The method according to claim 1,
Wherein the circular decompression unit corrects the irregular transformation dictionary when there is an irregular transformation dictionary, and converts the corrected irregular transformation dictionary to a syllable unit morpheme analyzer using bidirectional LSTM CRFs.

(A) separating an input sentence into syllable units in a syllable separating unit,
(B) a step of performing syllable part-of-speech tagging using bi-LSTM-CRFs through a vector for a syllable in the classifying part based on syllables separated by the syllable separating part, ,
(C) removing errors from the result of determining the part-of-speech tag in units of the syllable by processing a non-causal transformation in the learning corpus through the pre-analysis dictionary in the error elimination;
(D) removing the error and converting the result of attaching the part-of-speech tag to the syllable tag in a syllable unit by performing a circular restoration in the circular restoration unit. Morphological analysis method.

6. The method according to claim 5, wherein step (A) performed in the syllable separating unit
A method for analyzing syllable unit morphemes using speech segment features and bidirectional LSTM CRFs using syllable unit qualities and word unit qualities for CRF learning.

The method according to claim 6,
Wherein the word unit qualities include extracting unique phrases from the entire corpus,
Assigning an ID to each extracted word;
And expressing the assigned ID as a quality and using the allocated ID. The method of analyzing syllable unit morpheme using bidirectional LSTM CRFs.

6. The method of claim 5, wherein step (B) performed in the classifier
A word-embedding algorithm word2vec is used to generate a vector for the syllable, and an embedding vector of a 64-dimensional syllable unit is learned and used as an input vector.
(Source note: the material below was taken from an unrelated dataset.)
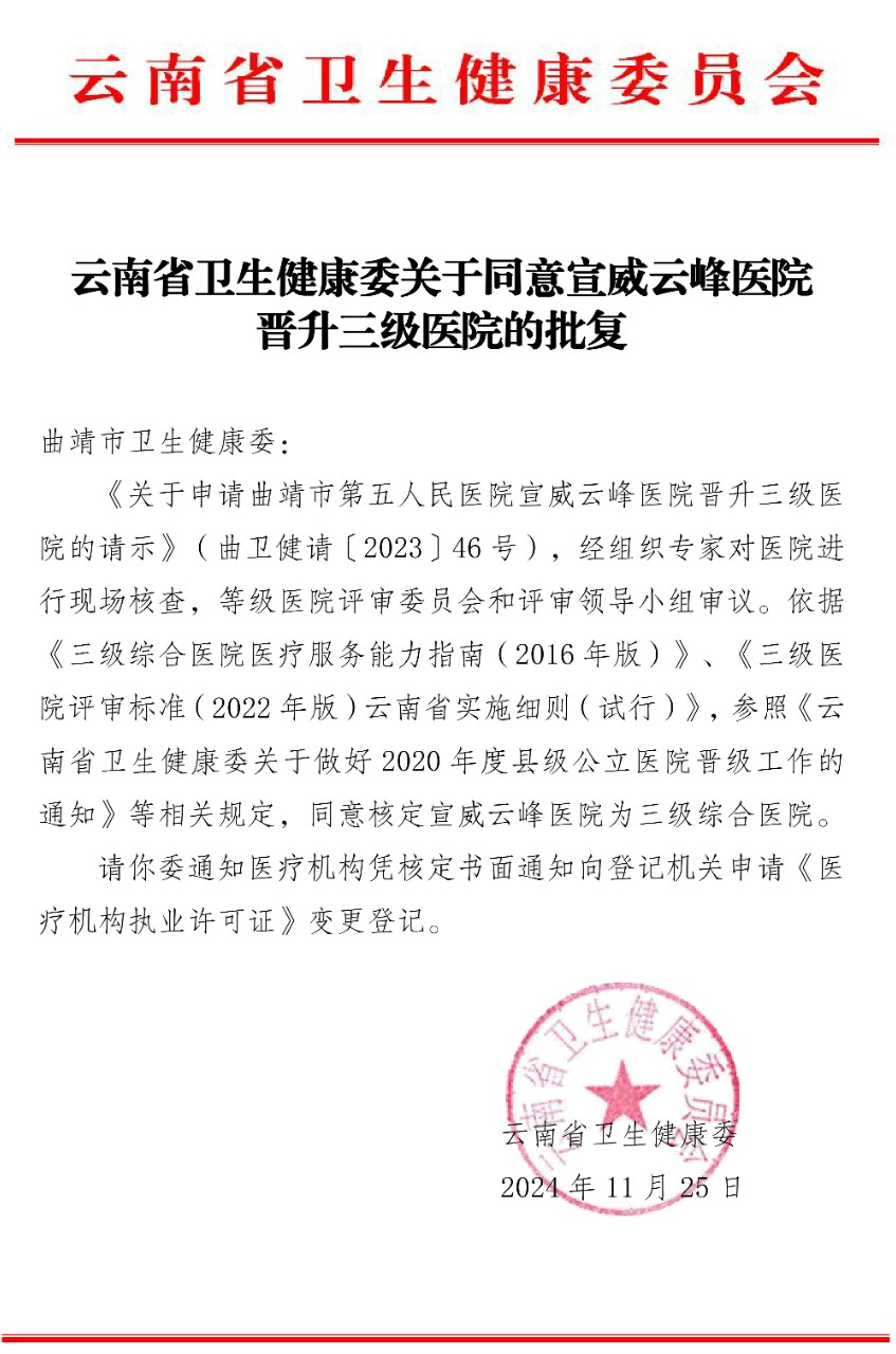 2024年11月25日,云南省卫生健康委员会印发文件,同意核定宣威云峰医院为三级综合医院。这是学院第一所三级直属附属医院,在学院30年办学历程中具有里程碑的意义,为学院办学水平提升和高质量发展奠定了坚实的基础。

Unit morphological analysis method.

6. The method as claimed in claim 5, wherein the step (C)
A Method of Analysis of Syllable Unit Morphology Using Part - of - Speech Distribution and Bi - directional LSTM CRFs.

10. The method of claim 9,
Wherein said noun dictionary is constructed of nouns that are not subject to ambiguity analysis, and a method for analyzing syllable unit morphology using bi-directional LSTM CRFs.

10. The method of claim 9,
The method of claim 1, wherein the dictionary includes a dictionary of dictionary 1 that does not consider context information and a dictionary of dictionary 2 that resolves the ambiguity by taking context information into account. The method of analyzing syllable unit morphology using two-way LSTM CRFs.

6. The method of claim 5,
Wherein the step (D) performed by the circular decompression unit is performed using an irregular transformation dictionary when irregular transformation is required at the time of round restoration, and a method for analyzing a syllable unit morpheme using bidirectional LSTM CRFs.

6. The method of claim 5, wherein step (D) performed in the circular reconstruction unit
Selecting a result having the highest frequency when there is the same transformation in the irregular transformation dictionary in the irregular transformation,
And finally combining the morphemes having the same part-of-speech tag after completing the irregular transformation, and completing the morphological part-of-speech tagging, and analyzing the syllable unit morpheme using bi-directional LSTM CRFs.